Alice in Wonderland Mercury Theatre, Colchester.
3 August 2022
3 Stars
Lewis Carrol’s classic opium-driven tale has managed to survive into the Twenty-First Century in many forms and reworkings, and Mike Kenny’s adaptation sets the tale on the morning of Alice’s very important exam. It’s a fever dream triggered by exam anxiety, and the production boasts an excellent ensemble and creative team that take us on the journey. They’ve been down their own rabbit hole a bit, with Beth Mabin stepping in with a few days’ notice to replace an indisposed actor.
There were no fears for her on opening night, she is a perfect Alice, enquiring and curious. The company of actor/musicians are excellent, Tom Moores a wonderful White Rabbit, with great comic timing and engagement with the audience, and I loved Rosalind Ford’s Duchess, especially her Act One closing number about babies, which will give you an earworm for the interval! Natasha Karp is a fearsome Queen of Hearts and Jamie Noar and Loris Scarpa have a great turn as Tweedledee and Tweedledum. The real star of the show is the inventiveness of the staging, including a wonderful caterpillar sequence, delightful flamingos and hedgehogs for croquet, well done to designer Anisha Fields and her team. At times it looks like a computer game, and others like a 1980s children’s TV programme. I also really enjoyed that the whole company become Alice at one point, it’s as if Jane Horricks has been cloned and they’ve started to swarm!

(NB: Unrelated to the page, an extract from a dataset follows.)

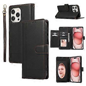 جراب لآيفون 14 برو ماكس أسود حزام يد قصير مرآة فتحة متعددة البطاقات فليب جلد كروس بي

The weakest element, for me, is the material itself. The first half is joyous and fast-moving, but this is a plotless story and the energy fades in the second half. This is not the fault of the company, it’s just unclear who Kenny’s adaptation is aimed at. If it’s children sitting GCSE’s they may be too cool for this, and it may be not magical enough for younger viewers. Alice’s search for her identity also struggles to ring true, it feels added on for contemporary relevance. Of course, we don’t know at what level the production was at before Covid struck, and the show needs to run in to hit the right pace.